DATA SUPPLIED »
──────────────────────────────

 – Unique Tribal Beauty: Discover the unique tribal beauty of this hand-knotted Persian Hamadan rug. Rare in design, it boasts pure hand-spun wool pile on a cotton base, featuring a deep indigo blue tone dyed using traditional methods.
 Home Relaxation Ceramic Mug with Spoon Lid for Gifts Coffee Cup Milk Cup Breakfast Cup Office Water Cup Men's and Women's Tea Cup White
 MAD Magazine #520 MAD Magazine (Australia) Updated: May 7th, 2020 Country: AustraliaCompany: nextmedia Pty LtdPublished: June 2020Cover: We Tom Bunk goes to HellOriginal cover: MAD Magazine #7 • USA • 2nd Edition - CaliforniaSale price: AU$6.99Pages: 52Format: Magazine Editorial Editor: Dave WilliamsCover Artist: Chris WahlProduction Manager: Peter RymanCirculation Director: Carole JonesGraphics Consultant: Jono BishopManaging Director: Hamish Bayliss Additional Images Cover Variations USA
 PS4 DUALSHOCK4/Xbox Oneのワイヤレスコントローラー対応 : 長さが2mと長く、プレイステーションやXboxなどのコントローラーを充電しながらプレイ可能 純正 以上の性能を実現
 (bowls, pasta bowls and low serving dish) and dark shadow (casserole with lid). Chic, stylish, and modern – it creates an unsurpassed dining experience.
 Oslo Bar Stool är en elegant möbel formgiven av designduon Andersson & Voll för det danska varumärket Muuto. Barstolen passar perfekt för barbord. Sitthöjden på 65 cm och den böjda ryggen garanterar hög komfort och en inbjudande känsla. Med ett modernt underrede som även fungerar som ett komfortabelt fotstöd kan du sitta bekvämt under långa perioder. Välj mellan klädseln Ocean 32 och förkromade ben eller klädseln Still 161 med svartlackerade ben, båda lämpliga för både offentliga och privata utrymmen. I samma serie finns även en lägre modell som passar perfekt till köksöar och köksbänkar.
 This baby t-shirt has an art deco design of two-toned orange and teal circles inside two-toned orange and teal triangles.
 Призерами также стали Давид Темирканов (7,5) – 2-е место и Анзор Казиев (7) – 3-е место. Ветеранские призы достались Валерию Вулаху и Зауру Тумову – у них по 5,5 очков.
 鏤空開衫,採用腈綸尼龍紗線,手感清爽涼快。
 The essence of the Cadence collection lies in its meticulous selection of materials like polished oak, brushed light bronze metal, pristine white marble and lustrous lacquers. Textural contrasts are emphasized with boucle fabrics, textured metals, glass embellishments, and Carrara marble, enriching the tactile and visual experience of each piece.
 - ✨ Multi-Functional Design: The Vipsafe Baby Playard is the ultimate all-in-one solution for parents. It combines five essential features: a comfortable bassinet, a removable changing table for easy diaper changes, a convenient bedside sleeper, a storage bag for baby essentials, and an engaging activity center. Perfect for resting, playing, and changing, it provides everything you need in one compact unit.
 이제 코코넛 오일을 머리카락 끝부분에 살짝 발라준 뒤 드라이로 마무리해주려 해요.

──────────────────────────────

REQUIRED WORK » Scan the records above for the string "experience", then select every line that holds it.

EXERCISE SOLUTION »
 (bowls, pasta bowls and low serving dish) and dark shadow (casserole with lid). Chic, stylish, and modern – it creates an unsurpassed dining experience.
 The essence of the Cadence collection lies in its meticulous selection of materials like polished oak, brushed light bronze metal, pristine white marble and lustrous lacquers. Textural contrasts are emphasized with boucle fabrics, textured metals, glass embellishments, and Carrara marble, enriching the tactile and visual experience of each piece.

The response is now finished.